Image from The Telegraph

Tampa, Florida (IINA) - Managing cancer with low doses of chemotherapy could be more effective than attempting to kill the disease, scientists believe, The Telegraph newspaper reported.
The controversial approach suggests that cancer patients may have a better chance of survival if they live with their illness long term. 
Current cancer treatments often involve aggressive treatment with high doses chemotherapy in an attempt to wipe out as many tumour cells as possible.
But complete eradication of cancer is rare, and the toxic side effects of chemotherapy can be highly destructive - not only leading to hair loss, nausea and extreme fatigue, but also crippling the body's immune system or triggering anaemia.
Some experts believe high-dose chemotherapy may actually worsen cancer by exerting a natural selection pressure that helps drug-resistant tumour cells to become more abundant which means if cancer returns it will be fatal.
The new strategy is designed to prevent drug-resistant tumour cells getting a handle.
Rather than trying to eradicate a tumour, the treatment stabilizes it by deliberately allowing a small population of drug-sensitive tumour cells to survive.
A team of US scientists led by Dr Robert Gatenby, from the H Lee Moffitt Cancer Centre and Research Institute in Tampa, Florida, conducted tests using the chemotherapy drug paclitaxel to treat mice with two different kinds of breast cancer.
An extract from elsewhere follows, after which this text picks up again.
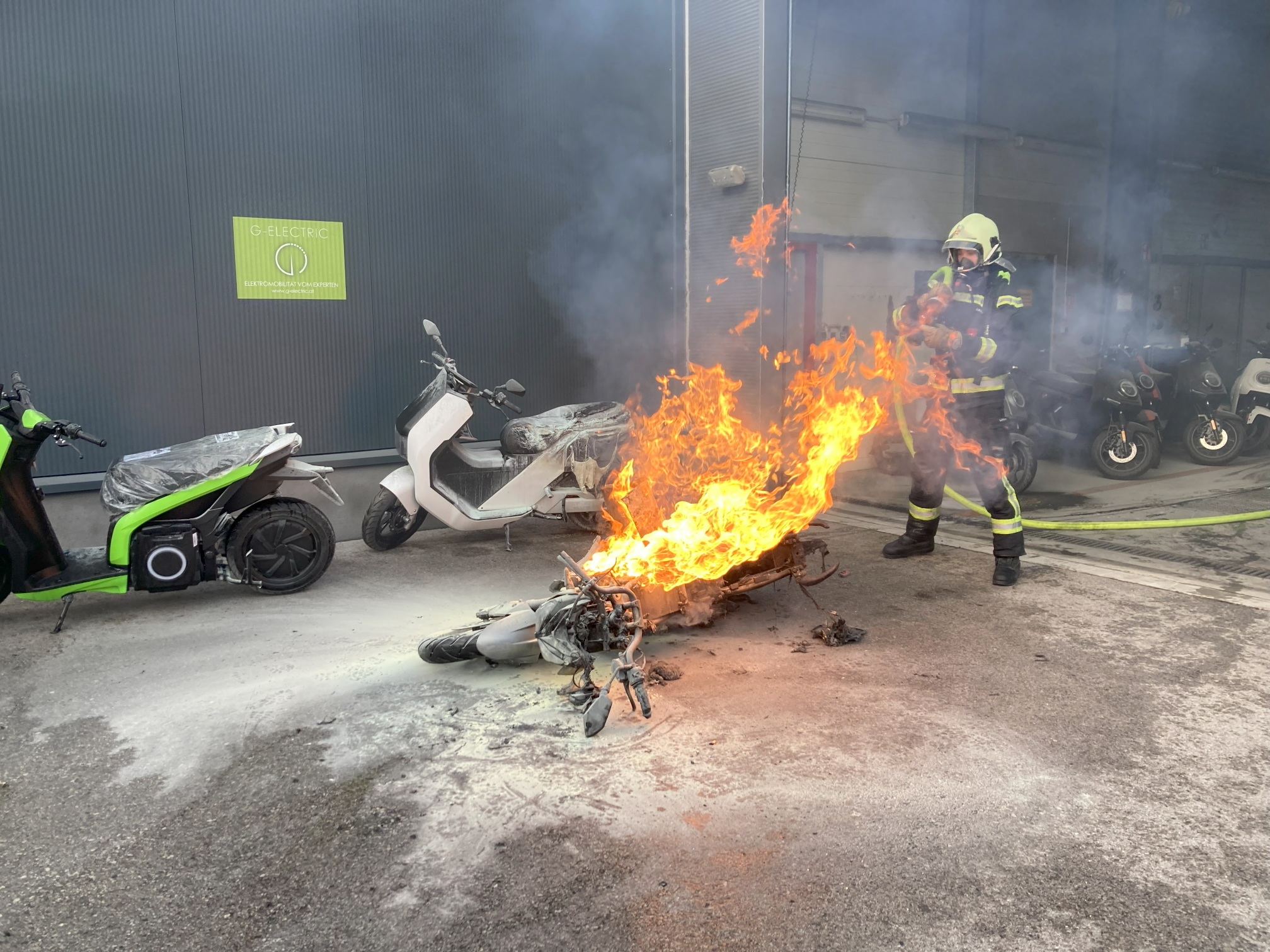 Die Feuerwehr Wr. Neustadt verhinderte das Übergreifen eines Brandes von einem E-Motorrad auf eine Lagerhalle.

Standard chemotherapy initially shrank the mouse tumours, but as soon as the treatment stopped, they grew back. However giving an initial high dose followed be regular lower doses controlled cancer growth.
In fact, the treatment was so effective that the majority of the mice were weaned off the drug completely over an extended period of time without suffering relapses.
Writing in the journal Science Translational Medicine, Dr Gatenby said: "Our results suggest that this adaptive therapeutic strategy can be adapted to clinical imaging and can result in prolonged progression-free survival in breast cancer.
"Finally, we note that the evolutionary principles that govern AT may be applicable to a wide range of breast cancer treatments including hormonal manipulation and immunotherapy, although they will need to undergo further testing in those settings."